Exercise description
Write out the records that appear below, verbatim and complete, but without pictures.

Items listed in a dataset
__________

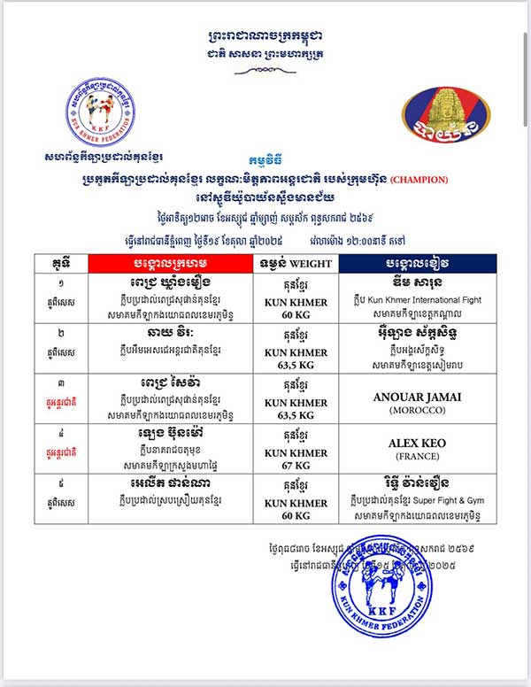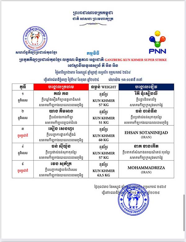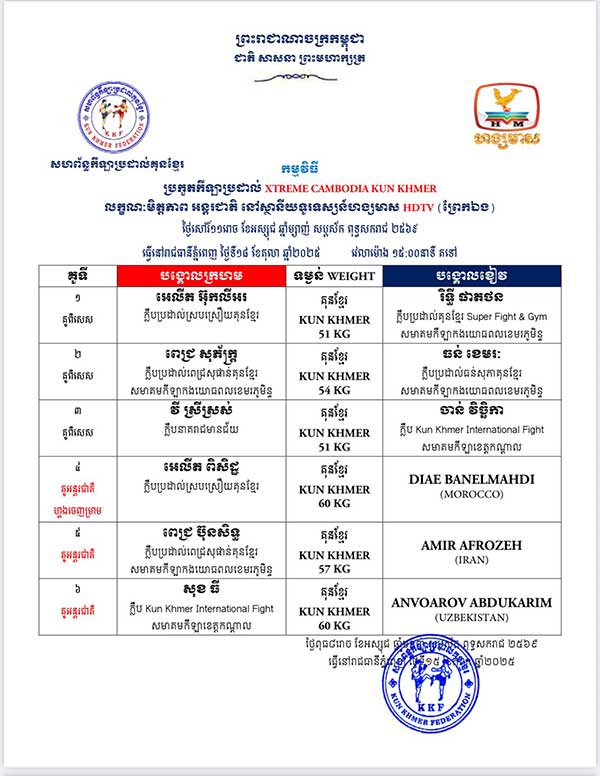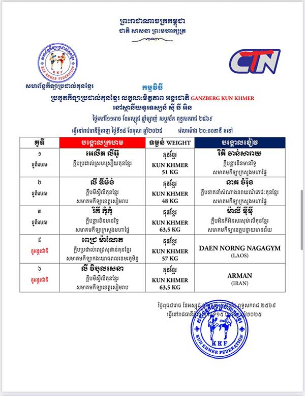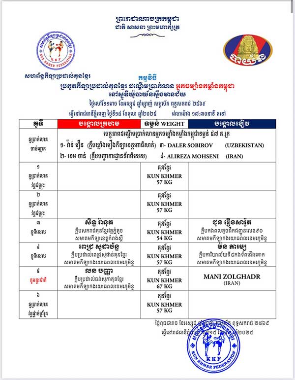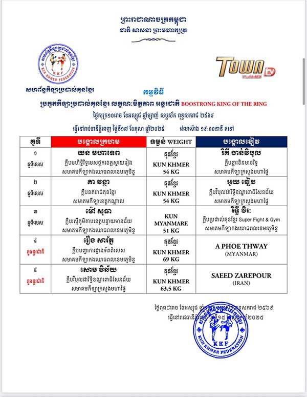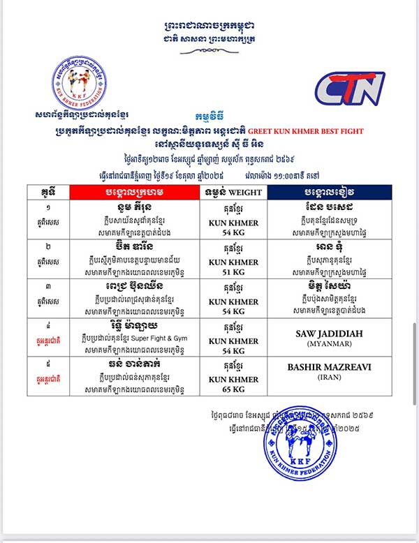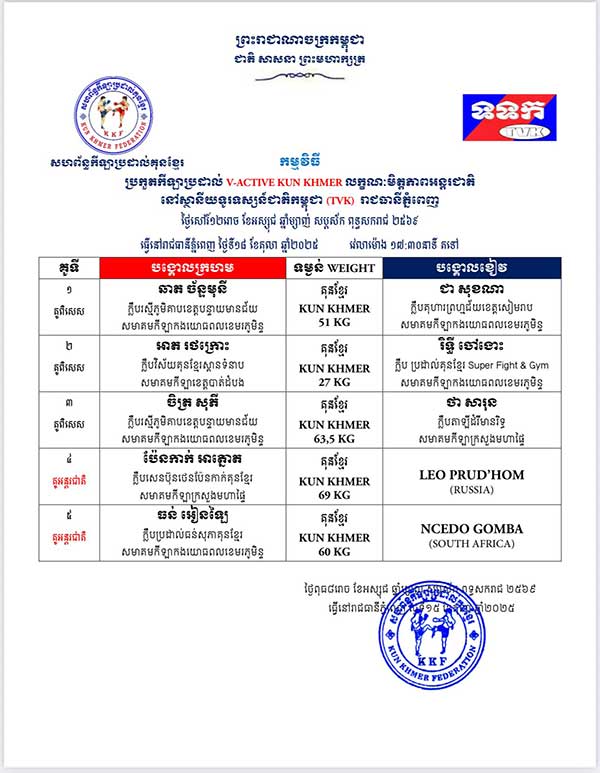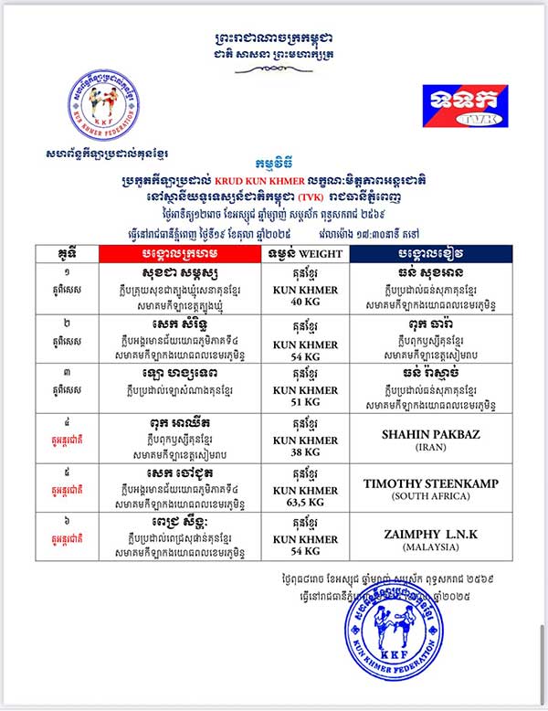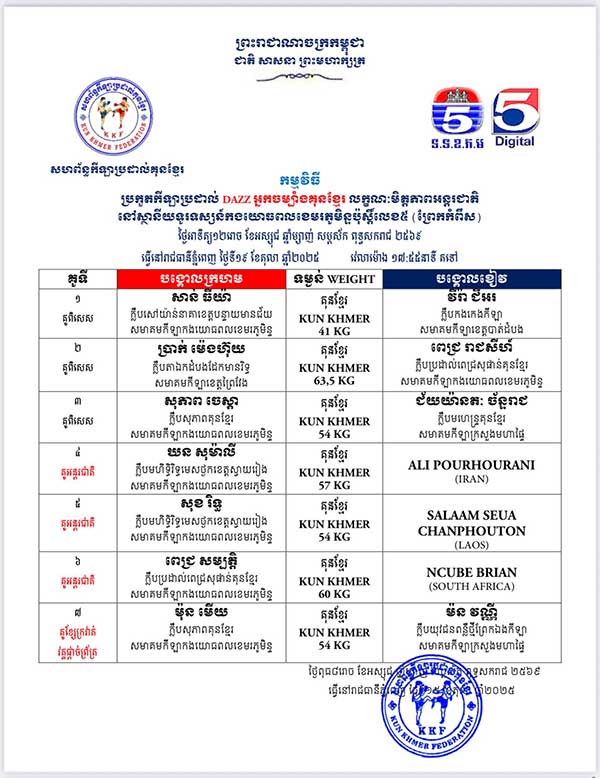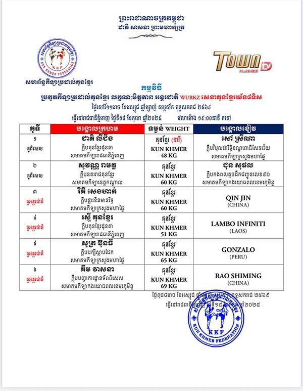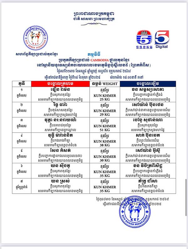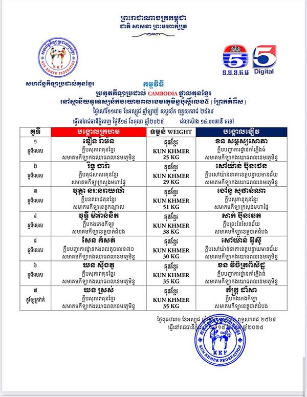 កម្មវិធីប្រកួតកីឡាប្រដាល់គុនខ្មែរ គូមិត្តភាពជាតិអន្តរជាតិនិងដណ្ដើមខ្សែ​ក្រវា​ត់​តាមស្ថានីយនានាចាប់ពីថ្ងៃទី១៦​ ទី១៧ ទី១៨ ទី១៩ ខែ  តុលា ឆ្នាំ២០២៥។
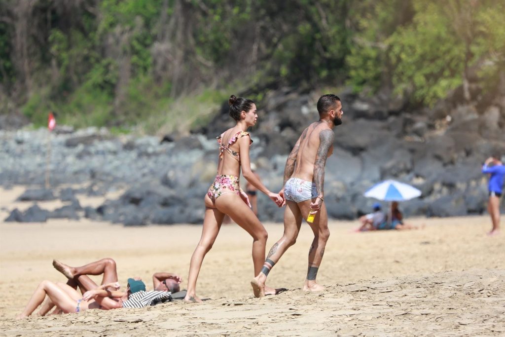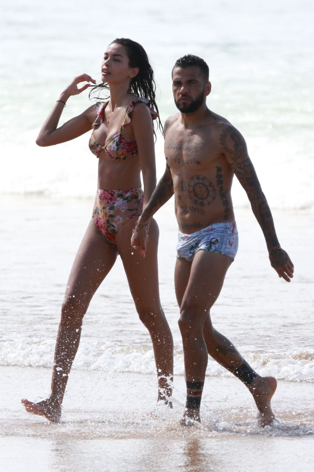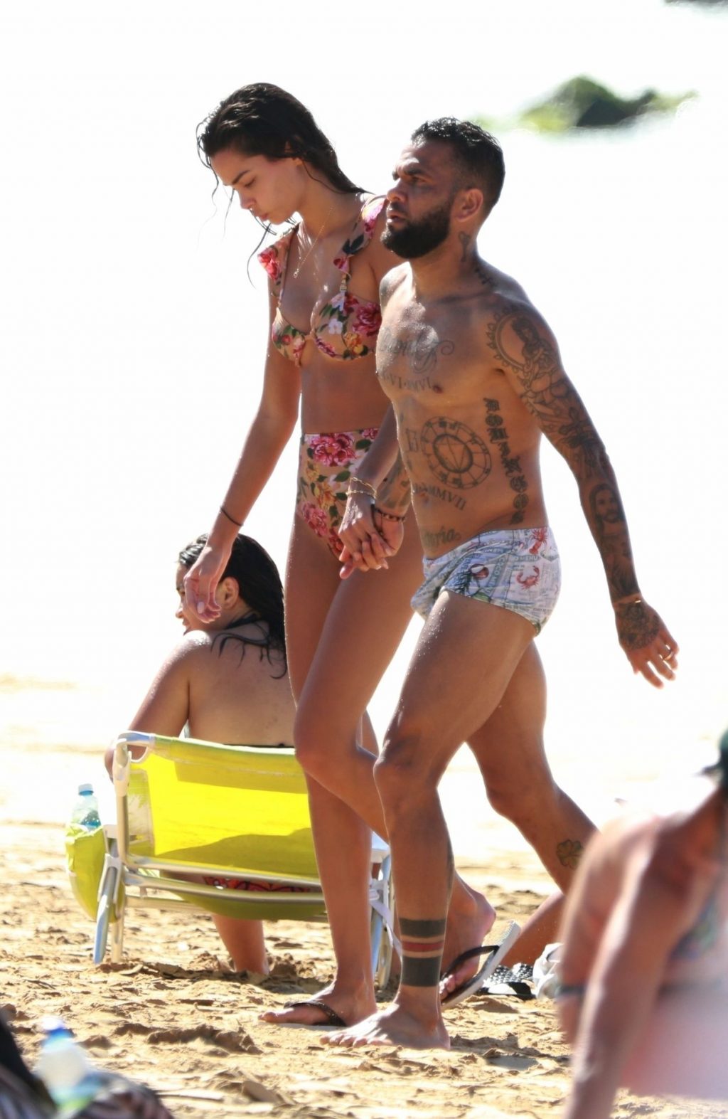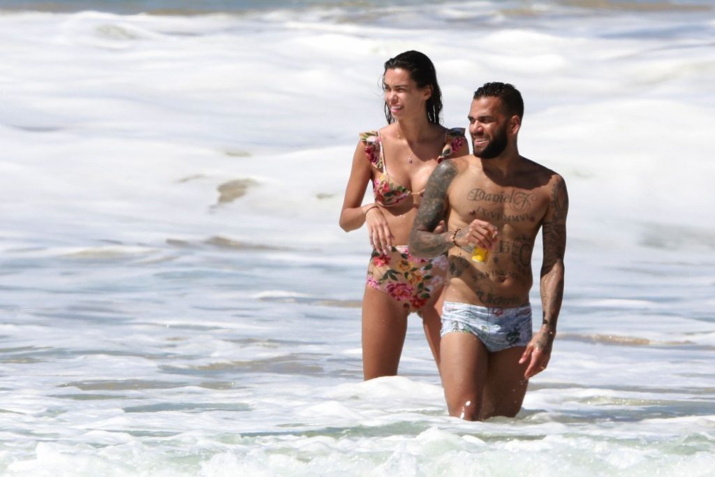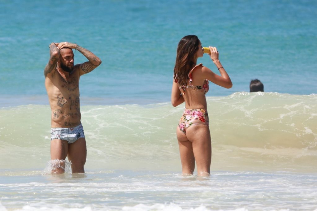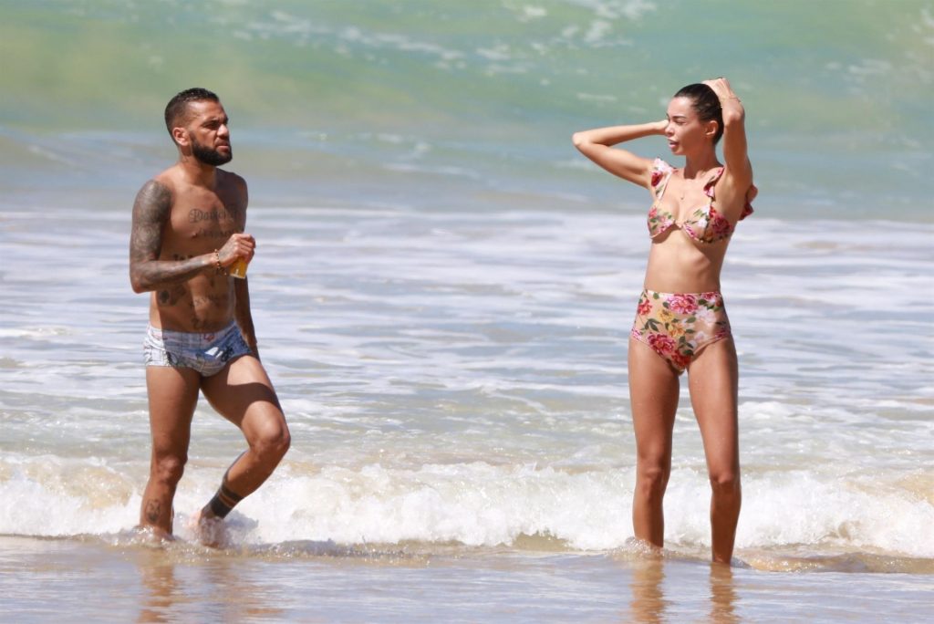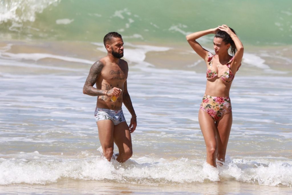 El futbolista brasileño Daniel Alves y su esposa, la modelo española Joana Sanz, fueron vistos en la playa Conceicao en Fernando de Noronha, Brasil, el 29/12/2019.
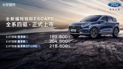 中国汽车新闻网讯12月19日,长安福特全新中型SUV——锐际Escape正式上市,3款车型,售价18.98-21.88万元。自今年4月在2019福特中国2.0战略发布会上完成国内首发以来,全新福特锐际Escape就备受行业关注。
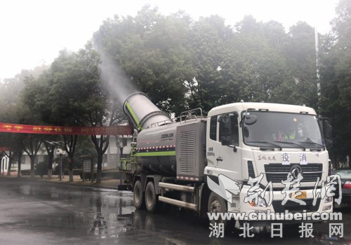 消毒車對漢川中職學校進行消殺。(通訊員供圖)
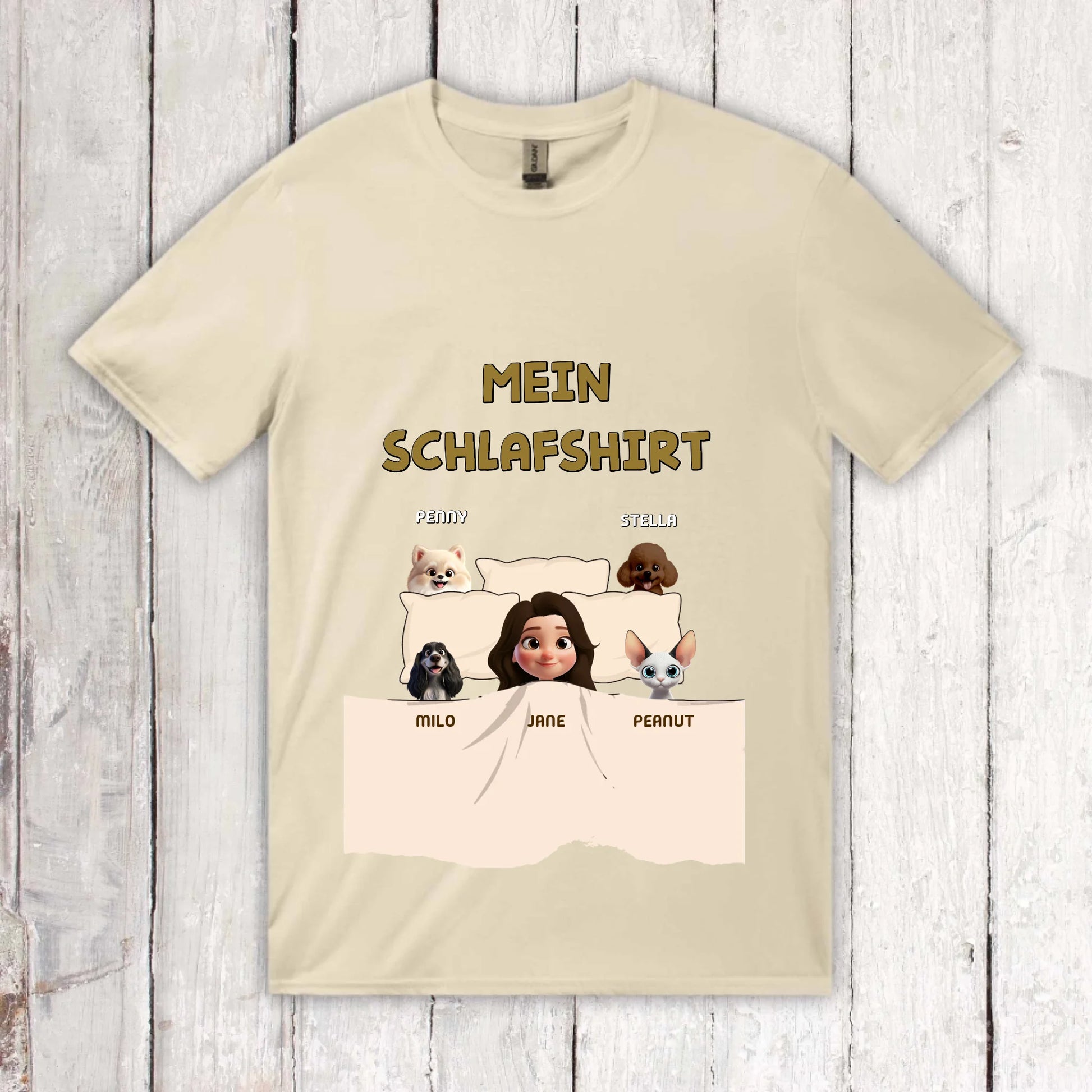 Tragen Sie Ihr offizielles Schlafshirt, das Sie und Ihre Haustiere stilvoll vereint. Dieses individuell gestaltbare T-Shirt bietet bequemen Sitz und hält Ihre liebsten Begleiter ganz nah – ideal für entspannte Stunden und eine persönliche Note in Ihrem Alltag.
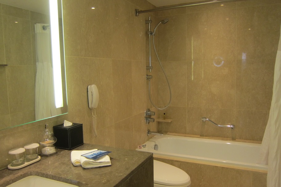 The bathroom came equipped with a tub and a stand alone shower (not pictured)and came with the standard Hilton shower amenities.
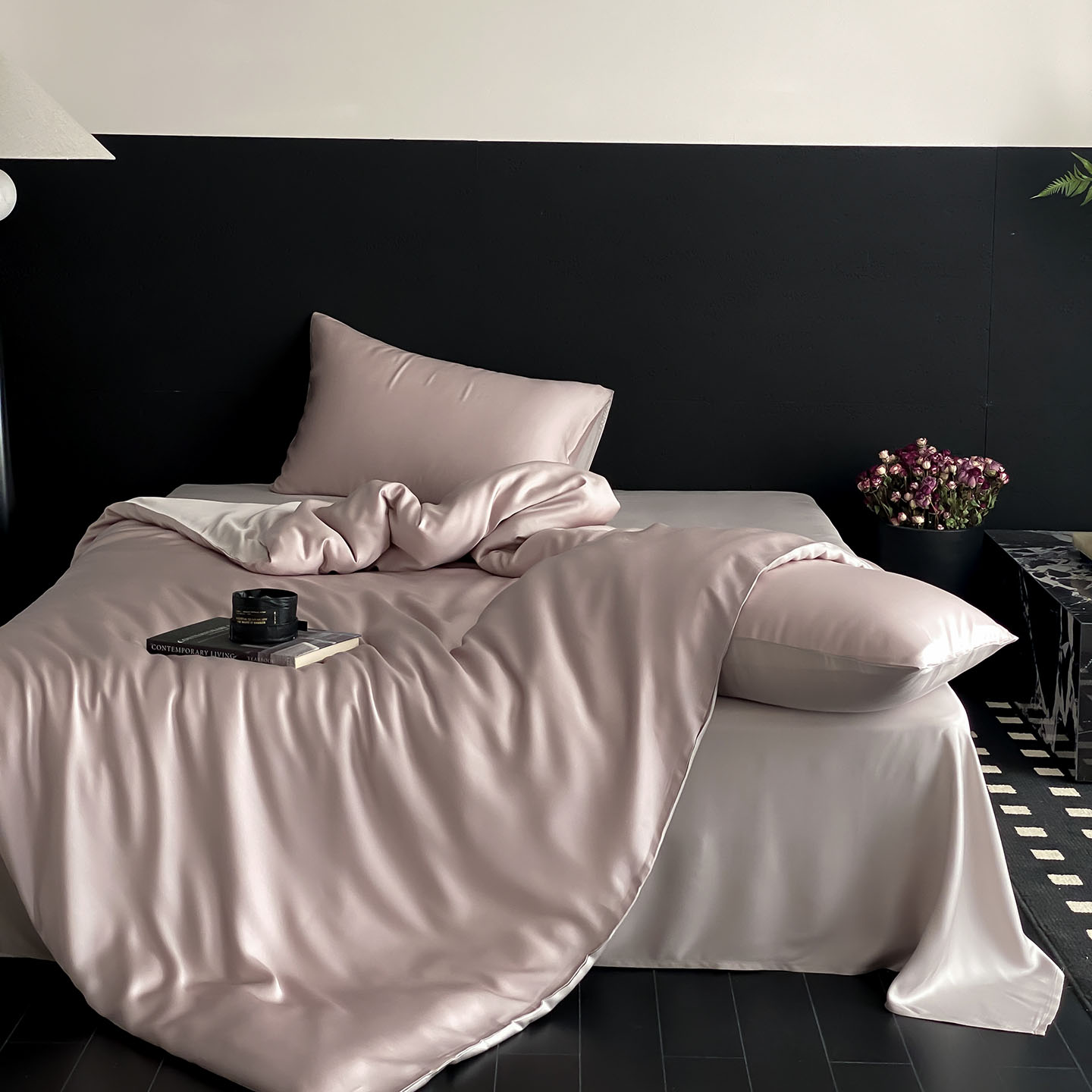 群鹿蚕丝羽绒馆 2025新款60支兰精天丝纯色双拼四件套 月光色-岩石灰
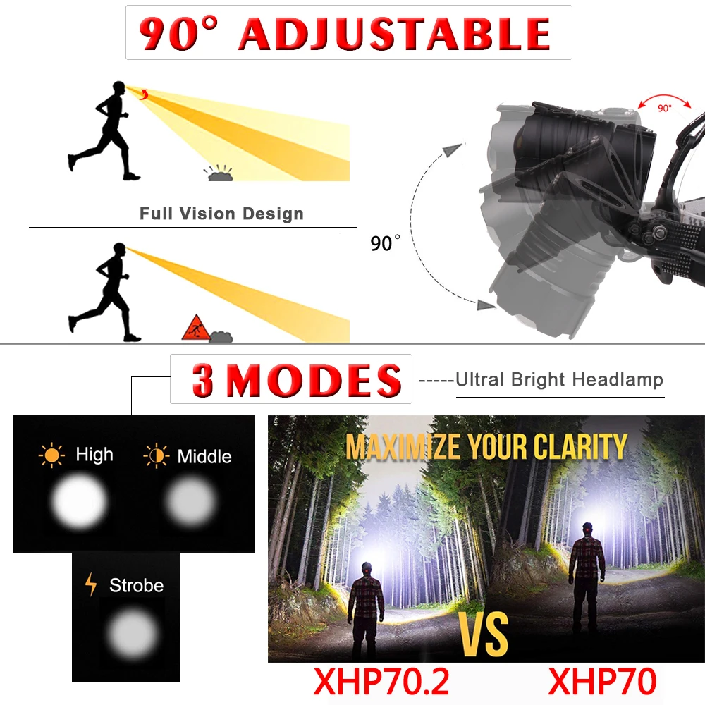Налобный фонарь, светодиодный XHP-70.2 с 3 режимами работы, 18650
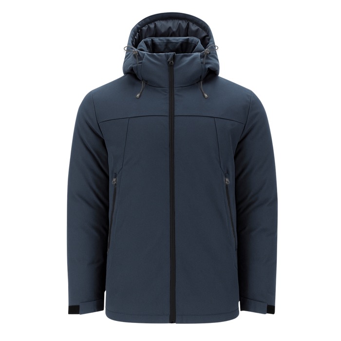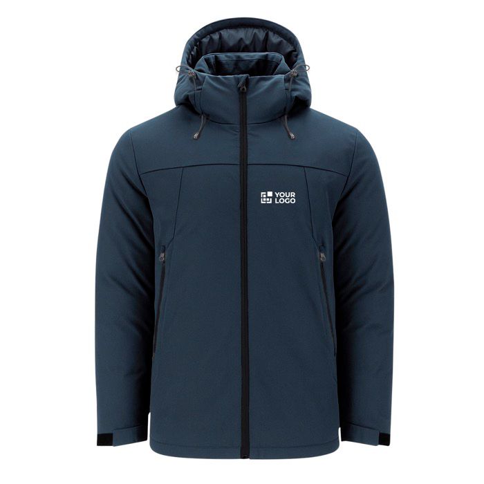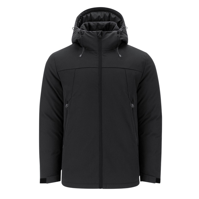 Parka imbottito unisex con cappuccio fisso regolabile. Dotato di chiusura frontale con zip nera e protezione per il mento per maggiore comfort e protezione, due tasche laterali con zip nera e polsini regolabili con velcro.

__________

Solution for this task
 កម្មវិធីប្រកួតកីឡាប្រដាល់គុនខ្មែរ គូមិត្តភាពជាតិអន្តរជាតិនិងដណ្ដើមខ្សែ​ក្រវា​ត់​តាមស្ថានីយនានាចាប់ពីថ្ងៃទី១៦​ ទី១៧ ទី១៨ ទី១៩ ខែ  តុលា ឆ្នាំ២០២៥។
 El futbolista brasileño Daniel Alves y su esposa, la modelo española Joana Sanz, fueron vistos en la playa Conceicao en Fernando de Noronha, Brasil, el 29/12/2019.
 中国汽车新闻网讯12月19日,长安福特全新中型SUV——锐际Escape正式上市,3款车型,售价18.98-21.88万元。自今年4月在2019福特中国2.0战略发布会上完成国内首发以来,全新福特锐际Escape就备受行业关注。
 消毒車對漢川中職學校進行消殺。(通訊員供圖)
 Tragen Sie Ihr offizielles Schlafshirt, das Sie und Ihre Haustiere stilvoll vereint. Dieses individuell gestaltbare T-Shirt bietet bequemen Sitz und hält Ihre liebsten Begleiter ganz nah – ideal für entspannte Stunden und eine persönliche Note in Ihrem Alltag.
 The bathroom came equipped with a tub and a stand alone shower (not pictured)and came with the standard Hilton shower amenities.
 群鹿蚕丝羽绒馆 2025新款60支兰精天丝纯色双拼四件套 月光色-岩石灰
Налобный фонарь, светодиодный XHP-70.2 с 3 режимами работы, 18650
 Parka imbottito unisex con cappuccio fisso regolabile. Dotato di chiusura frontale con zip nera e protezione per il mento per maggiore comfort e protezione, due tasche laterali con zip nera e polsini regolabili con velcro.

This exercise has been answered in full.